Abendblatt: Was würde Schwarz-Grün in Nordrhein-Westfalen bedeuten?

Kauder: Eine erhebliche Einschränkung unserer Handlungsfähigkeit. Die schwarz-gelbe Mehrheit im Bundesrat ginge verloren.

Abendblatt: NRW-Ministerpräsident Rüttgers ist in der Sponsoren-Affäre in Bedrängnis geraten. Wie wirkt sich das auf die Wahlchancen der CDU aus?

Kauder: Schön sind die Vorgänge wahrlich nicht. Aber die Menschen werden danach urteilen, welche Koalition das Land weiterbringt. Die schwarz-gelbe Regierung von Jürgen Rüttgers hat alle Chancen, im Mai die Landtagswahl zu gewinnen.

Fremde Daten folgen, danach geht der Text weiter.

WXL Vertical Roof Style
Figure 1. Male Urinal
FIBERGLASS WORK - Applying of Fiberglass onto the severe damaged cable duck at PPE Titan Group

Abendblatt: Die CDU hat Unternehmern für mehrere Tausend Euro vertrauliche Gespräche mit Rüttgers auf dem Landesparteitag angeboten. Wundern Sie sich, wenn der Eindruck entsteht, Politik sei käuflich?

Kauder: Ministerpräsident Rüttgers hat in den letzten vier Jahren nicht den Eindruck gemacht, als ob er nicht für jeden zu sprechen wäre. Richtig ist, dass die Werbebriefe des Generalsekretärs selten dämlich waren.

Abendblatt: Rüttgers behauptet, er habe von den Werbebriefen seines Landesverbands nichts gewusst. Dabei gibt es das Sponsorenmodell seit vielen Jahren. Glauben Sie ihm?

Kauder: Ich glaube Jürgen Rüttgers. Er wird diesen Sturm unbeschadet überstehen.